Les marchandises destinées au Niger sont redirigées vers d’autres destinations, affaiblissant la position du Bénin comme hub régional. Les flux commerciaux se tournent vers le Togo et le Nigeria, menaçant la compétitivité de l’économie béninoise.
Des populations en première ligne
Les répercussions humaines sont tout aussi sévères. À Malanville (Bénin) et Gaya (Niger), les marchés locaux ont vu leur fréquentation chuter de moitié. Les commerçants, transporteurs et familles paient le prix fort.
- Appauvrissement des ménages : Les revenus ont fondu, des boutiques ont fermé, et certains habitants ont basculé dans la précarité.
- Coûts sociaux élevés : Les détours logistiques et les prix des denrées ont augmenté, rendant l’accès aux biens essentiels plus difficile.
- Isolement des communautés : Les traversées en pirogue, plus risquées, ont remplacé les passages terrestres, fragilisant les liens familiaux et économiques.
Cette situation favorise l’émergence de réseaux criminels et de pratiques de rackets, aggravant l’insécurité dans la région.

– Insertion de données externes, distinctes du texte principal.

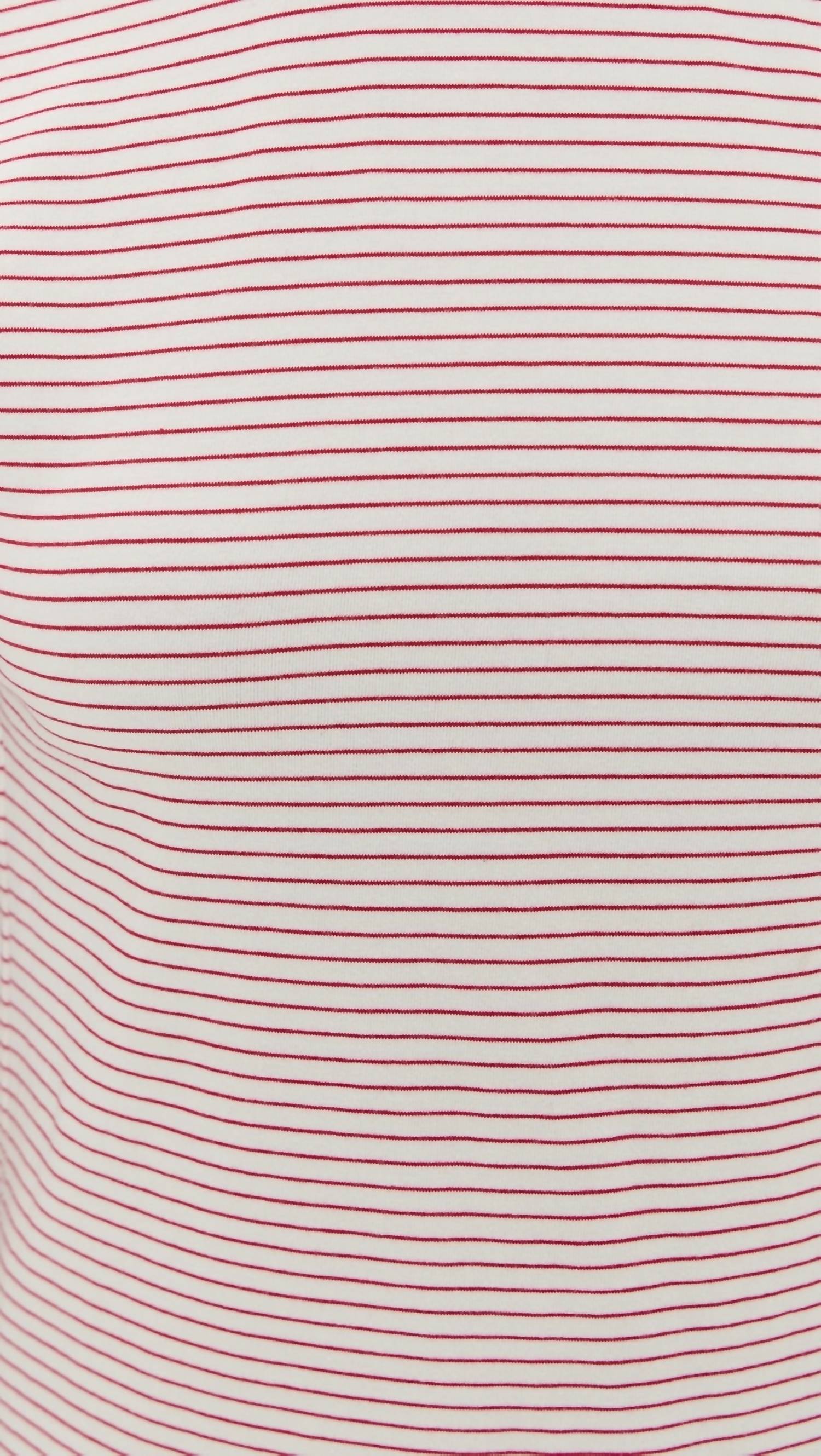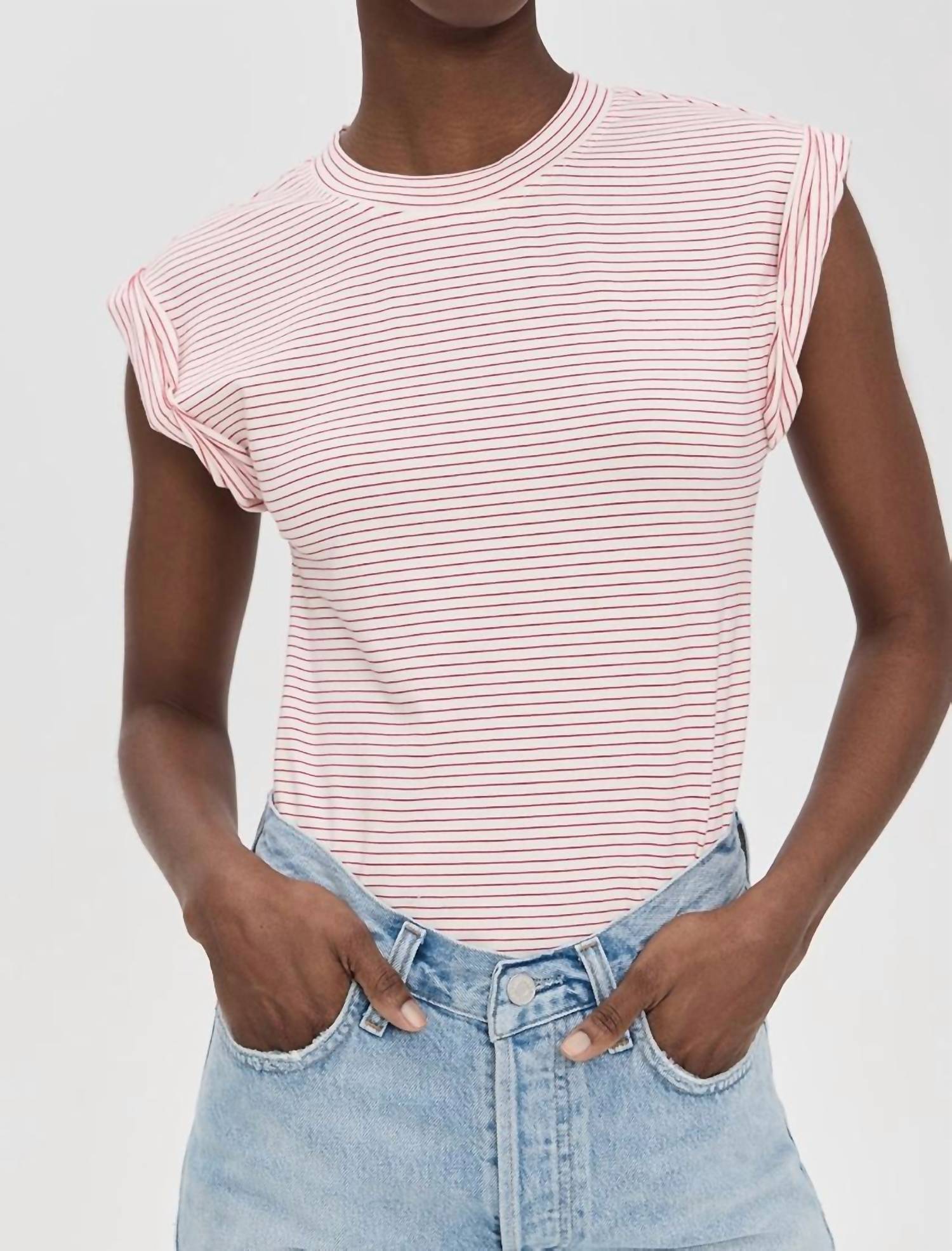 This muscle tee isn't just for the gym. Pair it with your favorite jeans for the perfect casual-cool vibe. Discover the Pistola Olivia Rolled Sleeve Tee in an eye-catching White/Ruby Stripe, perfect for adding a chic touch to your summer wardrobe. This women's muscle tee features cap sleeves with ruffled details and a classic crewneck, making it ideal for music festivals or a relaxed 90s fashion vibe. Crafted from a comfortable cotton blend of 95% cotton and 5% spandex, this top offers a lightweight feel for warmer days. Originating from China with a convenient pull-on closure, it is easy to maintain with a machine wash cold. The garment length is 22 inches, ensuring a flattering fit for any occasion.
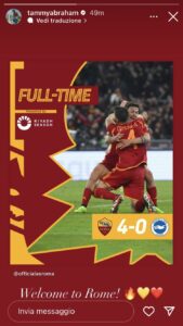 Dopo un’altra notte europea indelebile per la Roma, arrivano le prime reaction dei calciatori giallorossi, protagonisti del 4-0 al Brighton. Tammy Abraham ha condiviso la foto del tabellino del match con la scritta in inglese: “Benvenuti a Roma”.
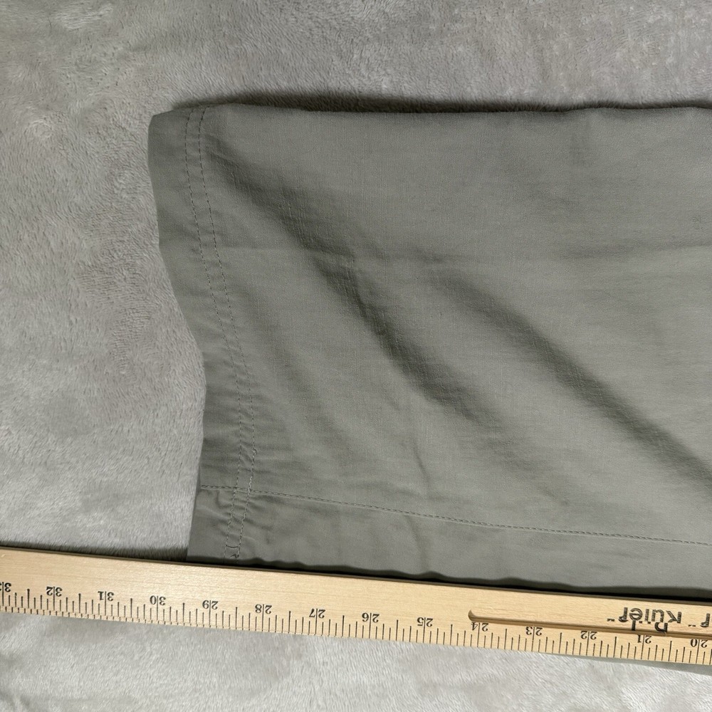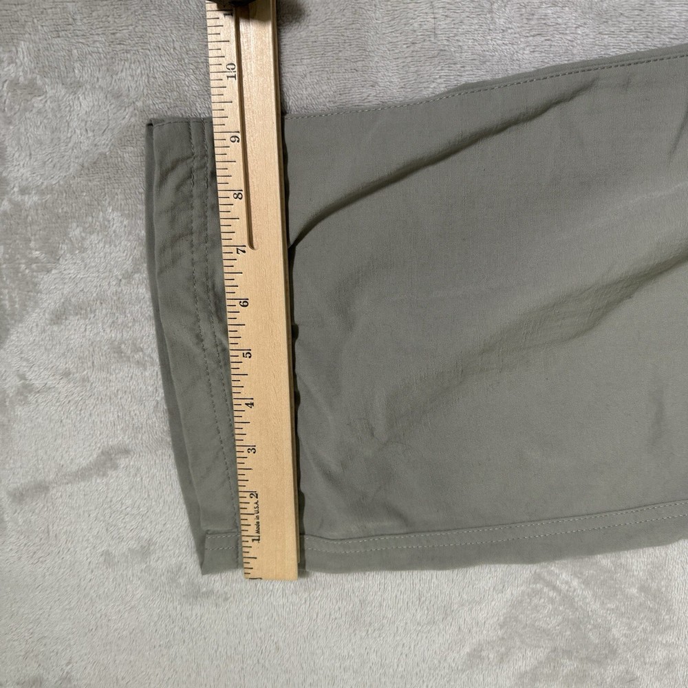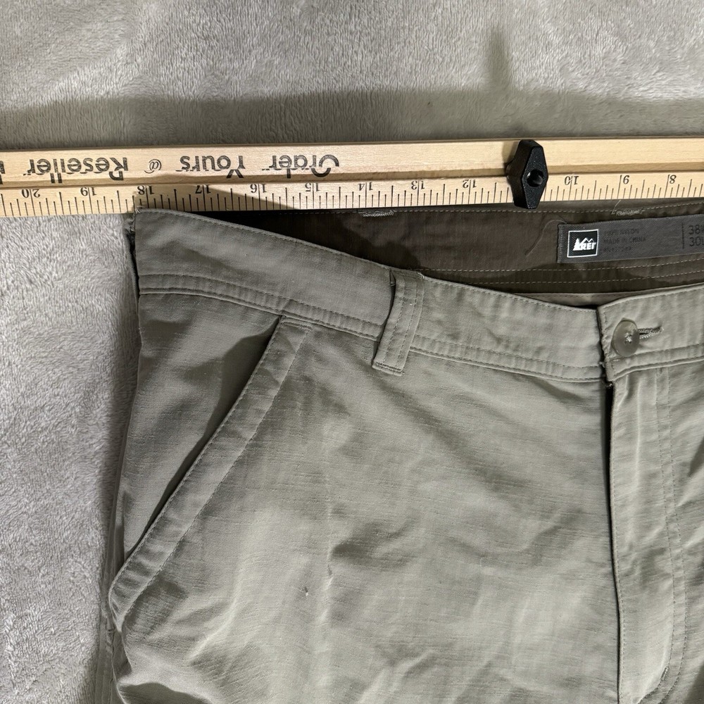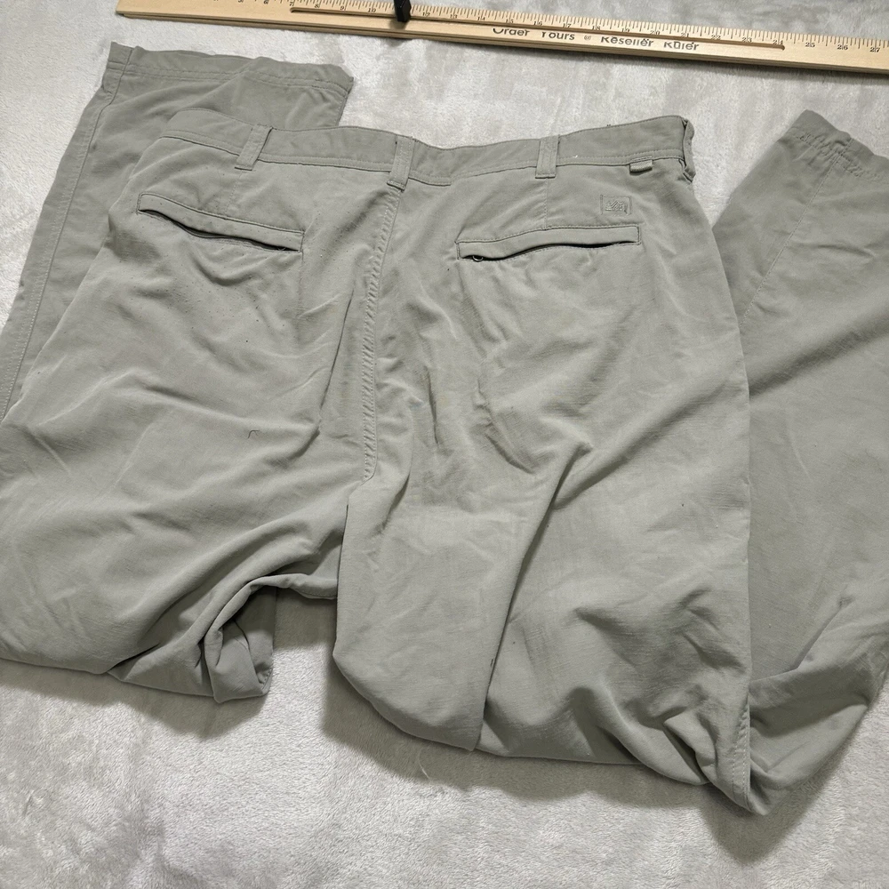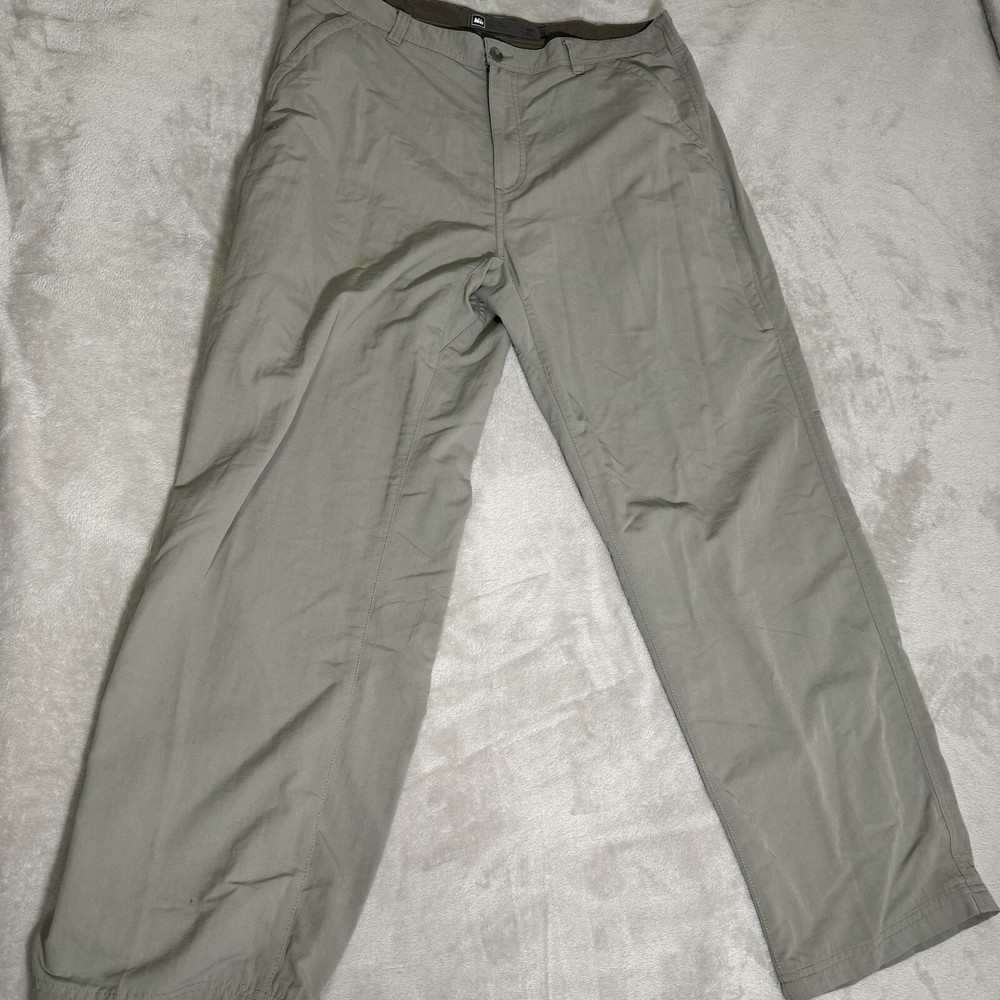 These REI pants for men are perfect for any occasion, whether you're hiking, camping, or just going about your day-to-day activities. They feature a high-rise waist and a straight leg style, with a flat front and cargo pockets. The pants are made of lightweight nylon fabric and have a beige color with a solid pattern. The pants come in a size 38 waist and 30 inseam, with a button closure and zipper accents. They also have the REI logo on the side, adding a touch of style to the design. These pants are machine washable and are part of the REI product line, ensuring their quality and durability. Get ready to hit the great outdoors with these stylish and functional pants!
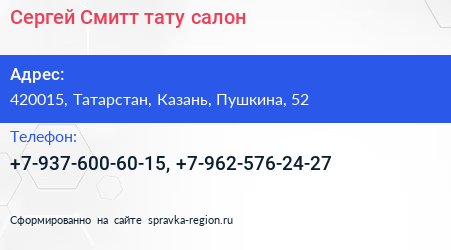 Сергей Смитт, тату-салон по адресу 420015, Татарстан, Казань, Пушкина, 52 в дальнейшем Организация, размещена в следующих категориях:
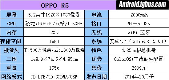 開頭已經說到,OPPO R5雖然以“薄”為賣點,但它遠不止這個。它采用了64位高通骁龍615八核處理器,運行內存為2GB。前500萬後1300萬像素雙攝像頭可以提供不錯的成像質量。屏幕選用1080P AMOLED技術,顯示圖片對比度高。另外R5還有獨家冰巢散熱系統與VOOC閃充功能。
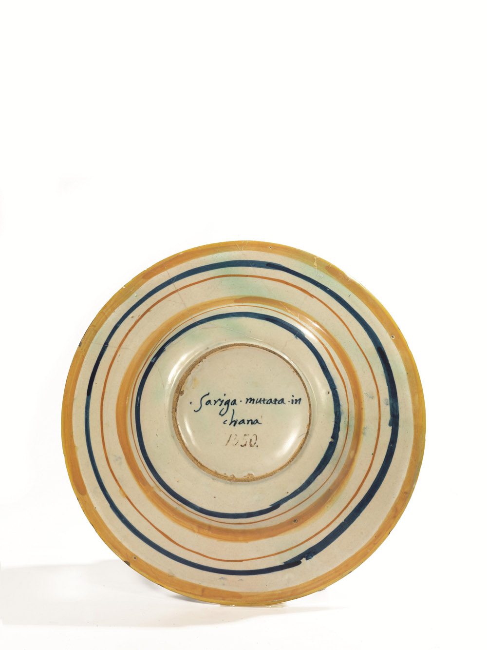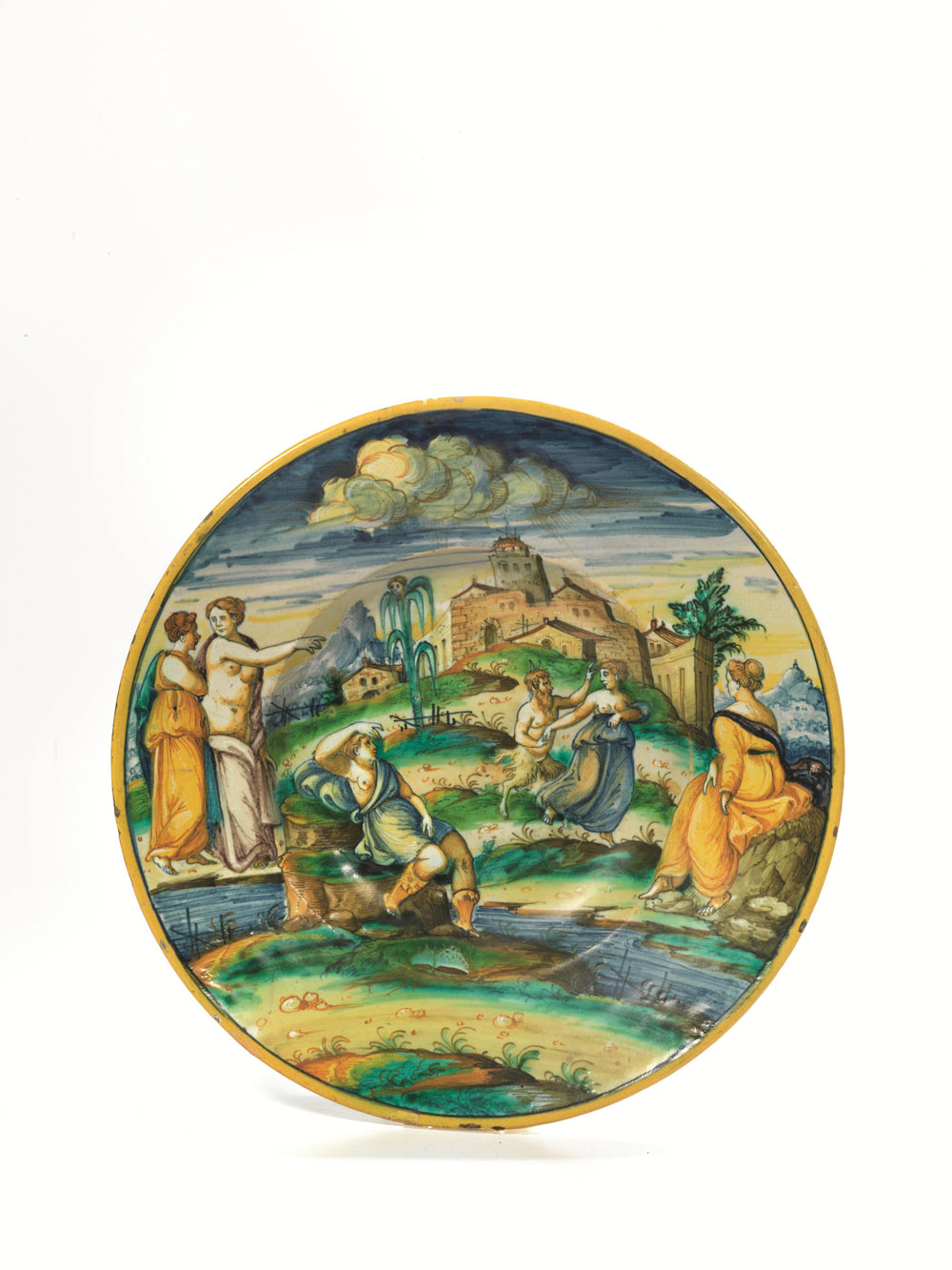 in maiolica decorata in policromia, raffigurante il mito di Pan e Siringa , come indicato nella legenda delineata sotto il piede: “ Sariga.mutata.in / chana ” (Ovidio, Metamorfosi , I, 689-712). Pan, figlio di Ermes, si innamorò di Siringa, ninfa seguace di Diana, la quale per sfuggire al satiro invocò le Naiadi che la mutarono in canne palustri. Pan, trovandosi allora davanti a un canneto, ne udì il suono prodotto dal vento e le utilizzò per creare uno strumento musicale: la siringa appunto. Per modalità pittoriche e stilistiche il piatto in oggetto va collocato in quella produzione di piatti istoriati con modalità coerenti con la produzione urbinate o pesarese prodotti in area veneta alla metà circa del secolo XVI, come dimostrano ad esempio le opere del pittore Mazo o quelle più tarde della bottega di Mastro Domenico; alt. cm 5,5, diam. cm 30,2, diam. piede cm 11,1

Un dialogue relancé pour des raisons pragmatiques
Le rapprochement entre le Bénin et le Niger s’est accéléré après l’élection de Romuald Wadagni, devenu président béninois. Dès son investiture, il a engagé des discussions avec Niamey, aboutissant à la formation du comité d’experts. Régis Hounkpè estime que l’urgence économique prime sur les divergences politiques : « Les dirigeants africains doivent dépasser les postures idéologiques. Leur survie passe par la coopération. Le Niger et le Bénin sont condamnés à vivre ensemble, et leur avenir dépendra de leur capacité à collaborer. »
Selon lui, une réouverture progressive de la frontière est probable, avec des contrôles renforcés pour les marchandises prioritaires. Cette avancée pourrait même inspirer d’autres pays de la région, à l’instar de la réconciliation récente entre le Mali et la Côte d’Ivoire.